● Exercise instructions: A faithful copy is required: transcribe each line below exactly, minus the pictures.

● Data shown:
-- -- --

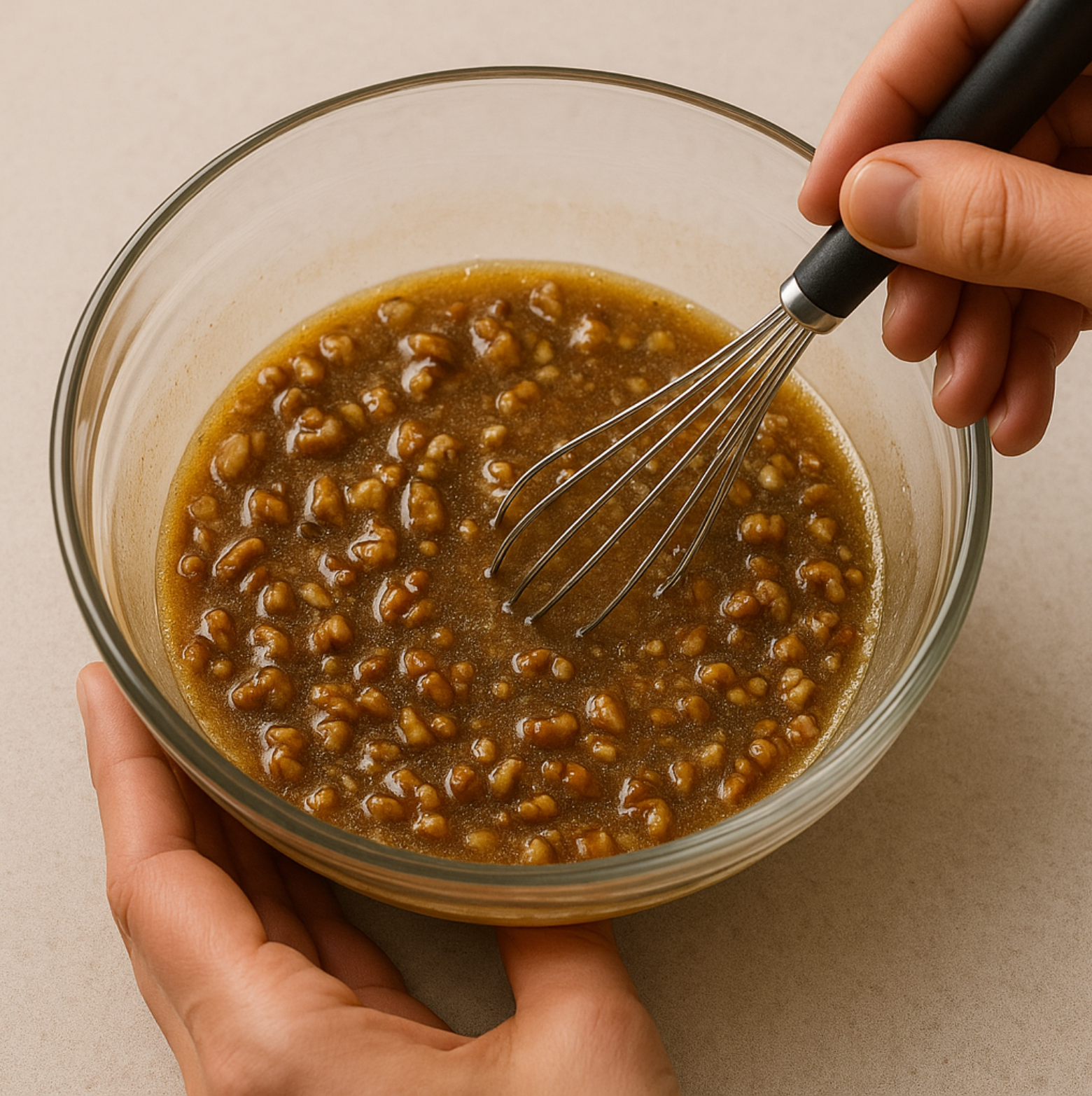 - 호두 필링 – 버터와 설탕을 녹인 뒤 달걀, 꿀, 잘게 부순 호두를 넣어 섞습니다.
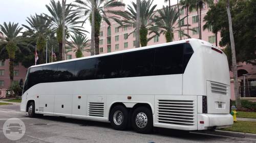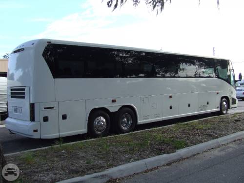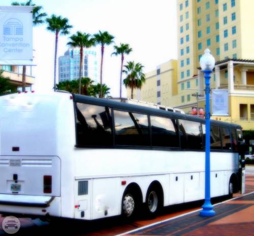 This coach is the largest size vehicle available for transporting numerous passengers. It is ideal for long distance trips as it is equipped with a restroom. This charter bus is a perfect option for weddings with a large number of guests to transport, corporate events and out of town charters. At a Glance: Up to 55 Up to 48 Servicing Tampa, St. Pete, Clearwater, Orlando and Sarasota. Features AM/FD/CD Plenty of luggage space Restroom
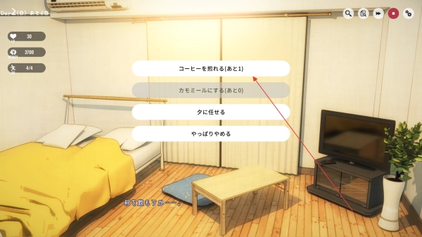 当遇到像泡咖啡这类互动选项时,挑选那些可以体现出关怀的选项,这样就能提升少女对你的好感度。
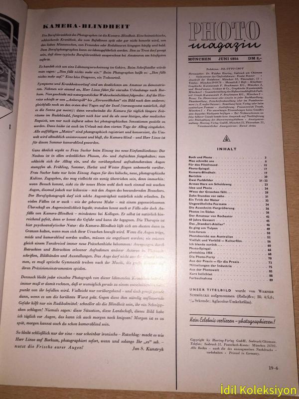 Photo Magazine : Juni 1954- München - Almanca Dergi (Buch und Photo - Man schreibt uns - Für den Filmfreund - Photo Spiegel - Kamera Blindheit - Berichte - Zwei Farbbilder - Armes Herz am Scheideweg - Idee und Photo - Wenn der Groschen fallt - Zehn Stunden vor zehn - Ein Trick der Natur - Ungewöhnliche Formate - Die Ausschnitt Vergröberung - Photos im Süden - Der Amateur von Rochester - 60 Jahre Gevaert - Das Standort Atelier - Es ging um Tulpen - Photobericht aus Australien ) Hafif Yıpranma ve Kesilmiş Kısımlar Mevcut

-- -- --

● Exercise answer:
 - 호두 필링 – 버터와 설탕을 녹인 뒤 달걀, 꿀, 잘게 부순 호두를 넣어 섞습니다.
 This coach is the largest size vehicle available for transporting numerous passengers. It is ideal for long distance trips as it is equipped with a restroom. This charter bus is a perfect option for weddings with a large number of guests to transport, corporate events and out of town charters. At a Glance: Up to 55 Up to 48 Servicing Tampa, St. Pete, Clearwater, Orlando and Sarasota. Features AM/FD/CD Plenty of luggage space Restroom
 当遇到像泡咖啡这类互动选项时,挑选那些可以体现出关怀的选项,这样就能提升少女对你的好感度。
 Photo Magazine : Juni 1954- München - Almanca Dergi (Buch und Photo - Man schreibt uns - Für den Filmfreund - Photo Spiegel - Kamera Blindheit - Berichte - Zwei Farbbilder - Armes Herz am Scheideweg - Idee und Photo - Wenn der Groschen fallt - Zehn Stunden vor zehn - Ein Trick der Natur - Ungewöhnliche Formate - Die Ausschnitt Vergröberung - Photos im Süden - Der Amateur von Rochester - 60 Jahre Gevaert - Das Standort Atelier - Es ging um Tulpen - Photobericht aus Australien ) Hafif Yıpranma ve Kesilmiş Kısımlar Mevcut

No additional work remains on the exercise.